JAKARTA (Lensamagetan.com) – Era digital menghadirkan sebuah paradoks ekonomi bagi para kreator konten, di mana platform global justru membuat mereka semakin terhimpit. Hal ini diungkapkan oleh Anggota Dewan Pers sekaligus Ketua Komisi Digital dan Sustainability, Dahlan Dahi.
Dalam Dialog Nasional “Media Baru vs UU ITE” yang digelar oleh Serikat Media Siber Indonesia (SMSI) menjelang Hari Pers Nasional (HPN) 2026, Selasa (28/10/2025), Dahlan menyoroti strategi platform yang sengaja menekan pendapatan kreator dengan membanjiri pasar.
“Makin banyak orang bikin blog, makin murah biaya advertising.

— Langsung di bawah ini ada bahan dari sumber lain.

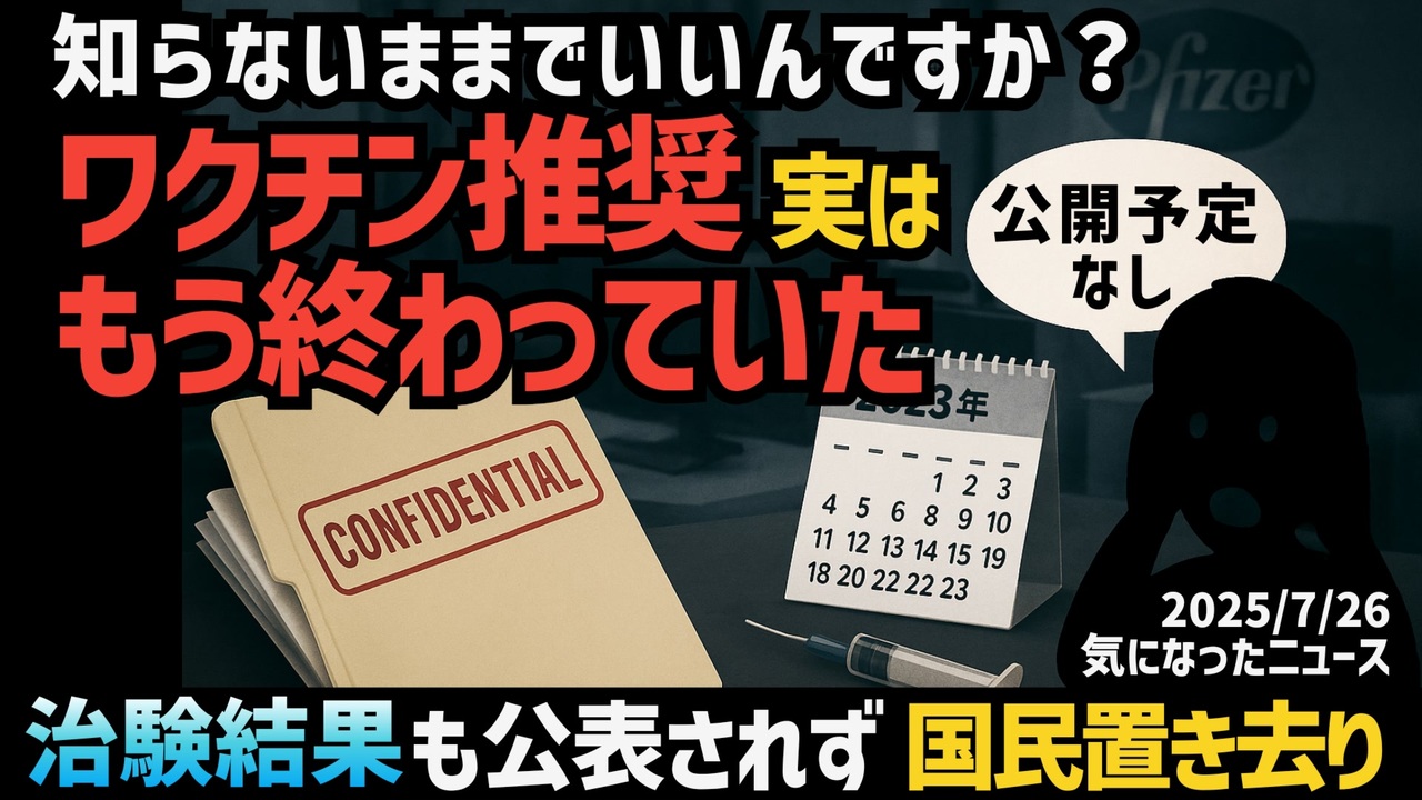 サムネに力入れてたら思いっきり遅れました┏○))<br><br>◆知らないままでいいんですか?ワクチン推奨、実はもう終わってた ~ 治験結果も公開されず…国民置き去り<a href="https://x.gd/y0EIr" target="_blank" rel="noopener nofollow">https://x.gd/y0EIr</a><br><br>◆今回の台本<a href="https://keiichiro8140.hatenablog.com/entry/20250726666111" target="_blank" rel="noopener nofollow">https://keiichiro8140.hatenablog.com/entry/20250726666111</a><br><br>◆YouTubeチャンネル登録よろしくお願いします<a href="https://youtube.com/@k16_888?si=1S8pLN1Tf9bGiJyV" target="_blank" rel="noopener nofollow">https://youtube.com/@k16_888?si=1S8pLN1Tf9bGiJyV</a><br><br>◆今回の動画<br><br>◆もしも(BAN)の時のためのマイリンク集<a href="https://lit.link/K16_888" target="_blank" rel="noopener nofollow">https://lit.link/K16_888</a><br><br><br>気になったニュース 2025/7/26<br><br><br />著作権、肖像権に配慮して作成しております。<br><br>◆気になったニュースの台本!?<br>メモ代わりに作った台本をそのままあげてます<br><a href="https://keiichiro8140.hatenablog.com/." target="_blank" rel="noopener nofollow">https://keiichiro8140.hatenablog.com/.</a><br><br><br>ここからはシリーズ紹介<br><br><br>◆ ワクチン解毒・デトックス<br><a href="https://x.gd/fZweg" target="_blank" rel="noopener nofollow">https://x.gd/fZweg</a><br><br>◆ウイリアム・マキス博士のがん治療(イベルメクチン・フェンベンダゾール等)<br><a href="https://x.gd/AtFYS" target="_blank" rel="noopener nofollow">https://x.gd/AtFYS</a><br><br>◆予防接種健康被害救済制度<br><a href="https://x.gd/0xK9x" target="_blank" rel="noopener nofollow">https://x.gd/0xK9x</a><br><br>◆気になったニュース #1501~<br><br>◆ 【ショートver】気になったニュース<br><a href="https://x.gd/7MxXC" target="_blank" rel="noopener nofollow">https://x.gd/7MxXC</a><br><br>◆ 気になったニュース #1001~<br><a href="https://x.gd/Lp8gv" target="_blank" rel="noopener nofollow">https://x.gd/Lp8gv</a><br><br>◆ 気になったニュース #501~<br><a href="https://x.gd/EmbS4" target="_blank" rel="noopener nofollow">https://x.gd/EmbS4</a><br><br>◆ 気になったニュース #1~#500<br><a href="https://x.gd/uPhNb" target="_blank" rel="noopener nofollow">https://x.gd/uPhNb</a><br><br>◆ X(旧Twitter)・テレグラムで気になった情報<br><a href="https://x.gd/YG6FT" target="_blank" rel="noopener nofollow">https://x.gd/YG6FT</a><br><br>◆ 日比谷5万人パレードデ⚪生放送アーカイブ動画<br><a href="https://x.gd/3CHJv" target="_blank" rel="noopener nofollow">https://x.gd/3CHJv</a><br><br>◆日比谷5万人パレード⚪モのマイリスト作ってみました<br><a href="https://nico.ms/mylist/76828848?ref=sp_other" target="_blank" rel="noopener nofollow">https://nico.ms/mylist/76828848?ref=sp_other</a><br><br>◆3.30 令和の百姓⚪⚪<br><a href="https://www.nicovideo.jp/series/511791?ref=garage_share_other" target="_blank" rel="noopener nofollow">https://www.nicovideo.jp/series/511791?ref=garage_share_other</a><br><br>◆ 及川幸久さんの【XNEWS】シリーズ<br><a href="https://x.gd/3k78K" target="_blank" rel="noopener nofollow">https://x.gd/3k78K</a><br><br>◆これまでの動画<a href="https://x.gd/sPXoJ" target="_blank" rel="noopener nofollow">https://x.gd/sPXoJ</a><br><br>◆もしも(BAN)の時のためのマイリンク集<a href="https://lit.link/K-16_News44" target="_blank" rel="noopener nofollow">https://lit.link/K-16_News44</a><br><br>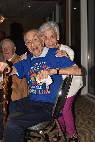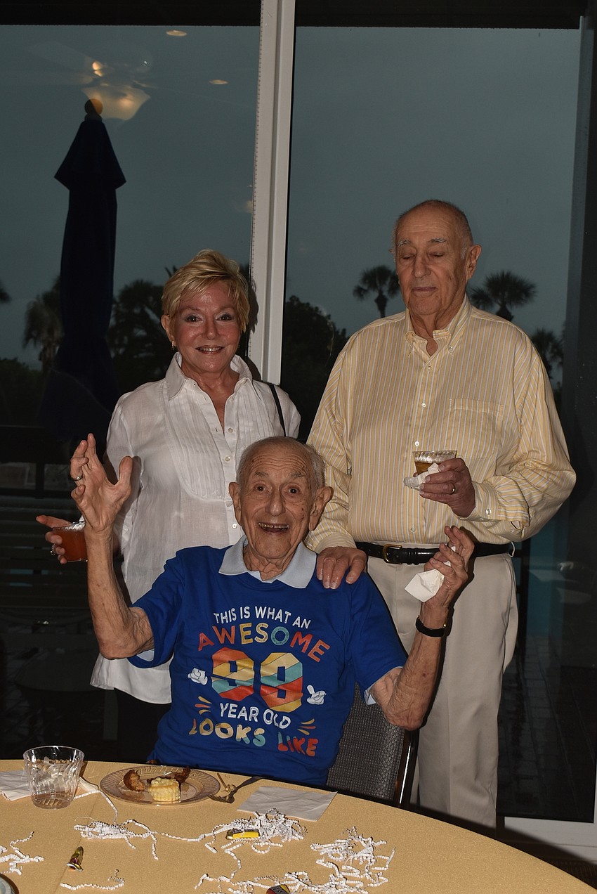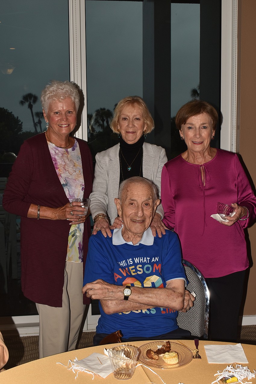 The 99-year-old — sporting a T-shirt that said "This is what an awesome 99-year-old looks like" — was never alone at his party on Nov. 5. Friends surrounded him at his table on his birthday all evening, bringing him snacks and well-wishes.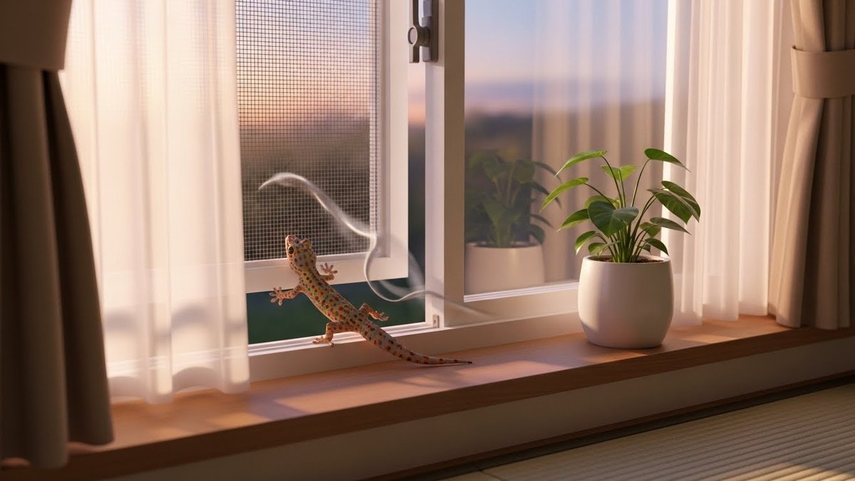 この間、子どもやペットを別室に移し、網戸や外側の障害物がないか確認してください。ヤモリが外へ出たらすぐに窓を閉めて二次侵入を防ぎます。無理に追い立てず、落ち着いて誘導することが大切です。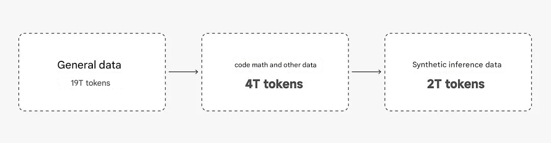 - Synthetische Anreicherung: Generierung von ca. 200B Token von Argumentationsdaten auf Expertenebene
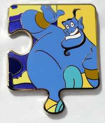 Genie is a Limited Edition (LE) 1100 pin from the Character Connection Mystery Collection - Aladdin Puzzle pin series. It was originally released on , 2017 and was available from Multiple Sources (WDW, DLR, etc.).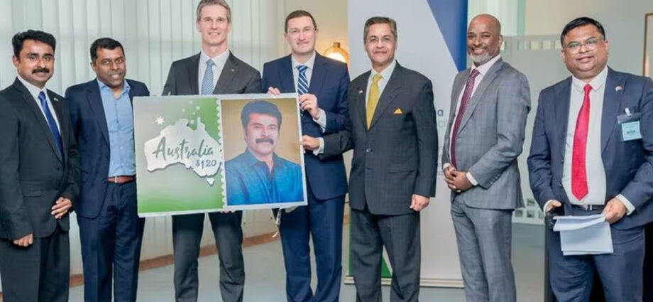 ആസ്ട്രേലിയയിലെ ഇന്ത്യൻ ഹൈക്കമ്മീഷണർ മൻപ്രീത് വോറയ്ക്കു ആദ്യ സ്റ്റാമ്പ് കൈമാറി പ്രധാനമന്ത്രി ആന്റണി ആൽബനീസിയുടെ പ്രതിനിധിയും പാർലമെന്ററി ഫ്രണ്ട്സ് ഓഫ് ഇന്ത്യയുടെ ചെയർമാൻ ഡോ ആൻഡ്രൂ ചാൾട്ടൻ എംപി പ്രകാശനം ചെയ്തു. ചടങ്ങിന് ആശംസകളറിയിച്ചികൊണ്ടുള്ള പ്രധാനമന്ത്രിയുടെ സന്ദേശം ആൻഡ്രൂ ചാൾട്ടൻ വായിച്ചു. ഇന്ത്യൻ സാംസ്കാരികതയുടെ മുഖമായി തങ്ങൾ മമ്മൂട്ടിയെ കാണുന്നുവെന്ന് ഡോ. ആൻഡ്രൂ ചാൾട്ടൻ എംപി പറഞ്ഞു. മമ്മൂട്ടിയെ ആദരിക്കുക വഴി ഇന്ത്യയുടെ മഹത്തായ സാംസ്കാരികതയെ ആണ് തങ്ങൾ ആദരിക്കുന്നതെന്ന് അദ്ദേഹം വ്യക്തമാക്കി.
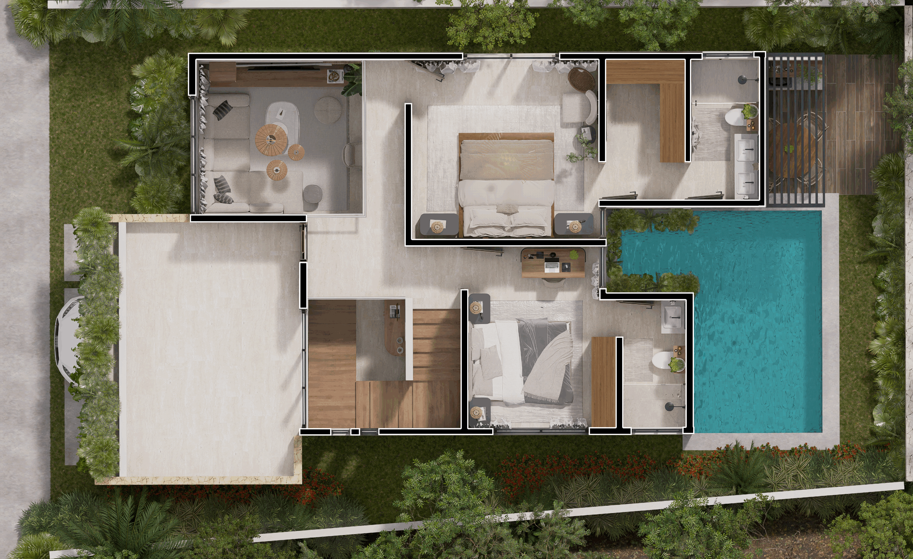 Casa Ceiba, located in the private Baiché residential community within Tulum Country Club, offers the perfect blend of comfort and exclusivity. With a two-level design, it maximizes both indoor and outdoor living, creating a fluid connection with its surroundings on a 180 m² lot and 177 m² of construction.

Waktu itu publisher paling 100, tapi sekarang tiba-tiba 1000 orang, tiba-tiba 2000 orang, tiba-tiba 3 juta orang,” papar Dahlan di hadapan peserta dialog.
Menurutnya, ini adalah strategi yang disengaja untuk membuat harga konten semurah mungkin, yang pada akhirnya menguntungkan platform tetapi merugikan produsen konten.
“Platform mendorong sebanyak mungkin orang untuk memproduksi konten supaya harganya makin murah. Jadi ini paradoks sekali. Makin banyak konten makin murah. Platformnya makin kaya tapi konten kreatornya makin miskin,” tegas Dahlan.
Dahlan, yang juga merupakan CEO Tribun Network, mengilustrasikan fenomena ini dari pengalamannya di industri media. Ia menyebut pendapatan per page view terus mengalami penurunan tajam.
“Revenue per page view dulu berapa, sekarang sudah anjlok ke level berapa dan ini akan terus anjlok. Jadi ini akan ada saturasi di sini,” jelasnya.
Kondisi ini, lanjutnya, tidak hanya terjadi di media berbasis teks, tetapi juga telah diterapkan di platform video seperti YouTube.
“Strategi yang dipakai di website sekarang juga dipakai di platform video. Audiens kita di YouTube malah lebih besar daripada di website – ada kurang lebih 42 juta video views per hari. Tapi bukan berarti makin banyak video views makin banyak pendapatan. Enggak. Yang terjadi adalah makin banyak video views makin sedikit pendapatannya,” ujarnya.
Ia mengingatkan bahwa situasi ini menciptakan dua tantangan besar bagi industri media, yakni profitabilitas jangka pendek dan keberlanjutan (sustainability) dalam jangka panjang.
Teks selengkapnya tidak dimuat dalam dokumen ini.